◆ **Provided material**
—————
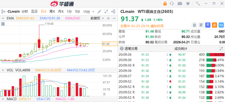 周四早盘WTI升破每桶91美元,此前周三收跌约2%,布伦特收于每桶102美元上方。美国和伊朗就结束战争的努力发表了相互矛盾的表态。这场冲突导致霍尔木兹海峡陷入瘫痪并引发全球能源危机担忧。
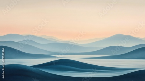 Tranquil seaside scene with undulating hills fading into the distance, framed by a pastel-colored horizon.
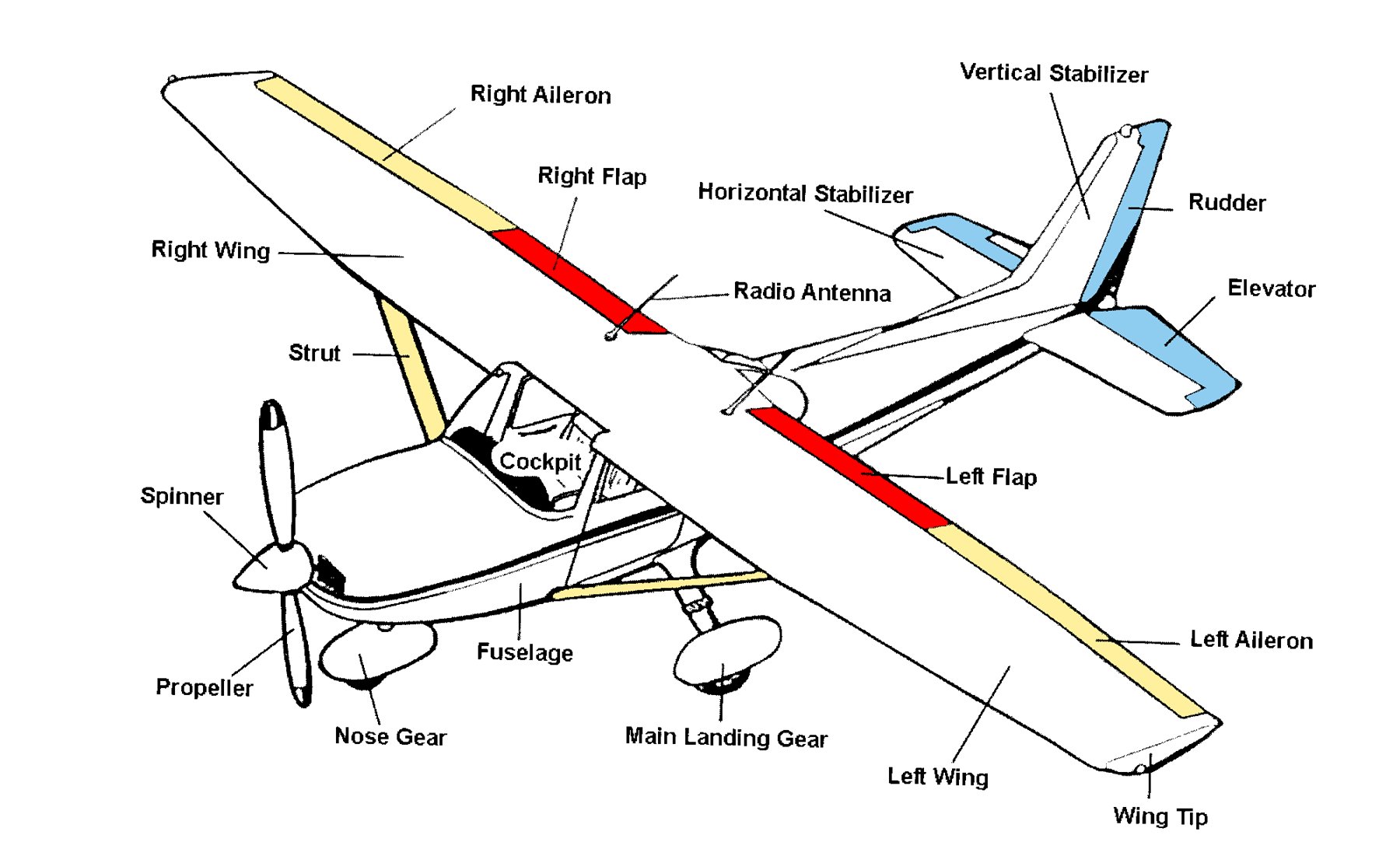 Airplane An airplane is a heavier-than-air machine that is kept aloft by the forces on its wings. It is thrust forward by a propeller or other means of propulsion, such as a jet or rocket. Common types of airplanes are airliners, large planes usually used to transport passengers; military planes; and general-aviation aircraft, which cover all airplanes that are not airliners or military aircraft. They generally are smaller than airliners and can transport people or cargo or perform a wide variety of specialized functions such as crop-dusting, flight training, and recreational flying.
—————
◆ **What you will do**
Skip the pictures, then retype every line above exactly.

◆ **Your response**
 周四早盘WTI升破每桶91美元,此前周三收跌约2%,布伦特收于每桶102美元上方。美国和伊朗就结束战争的努力发表了相互矛盾的表态。这场冲突导致霍尔木兹海峡陷入瘫痪并引发全球能源危机担忧。
 Tranquil seaside scene with undulating hills fading into the distance, framed by a pastel-colored horizon.
 Airplane An airplane is a heavier-than-air machine that is kept aloft by the forces on its wings. It is thrust forward by a propeller or other means of propulsion, such as a jet or rocket. Common types of airplanes are airliners, large planes usually used to transport passengers; military planes; and general-aviation aircraft, which cover all airplanes that are not airliners or military aircraft. They generally are smaller than airliners and can transport people or cargo or perform a wide variety of specialized functions such as crop-dusting, flight training, and recreational flying.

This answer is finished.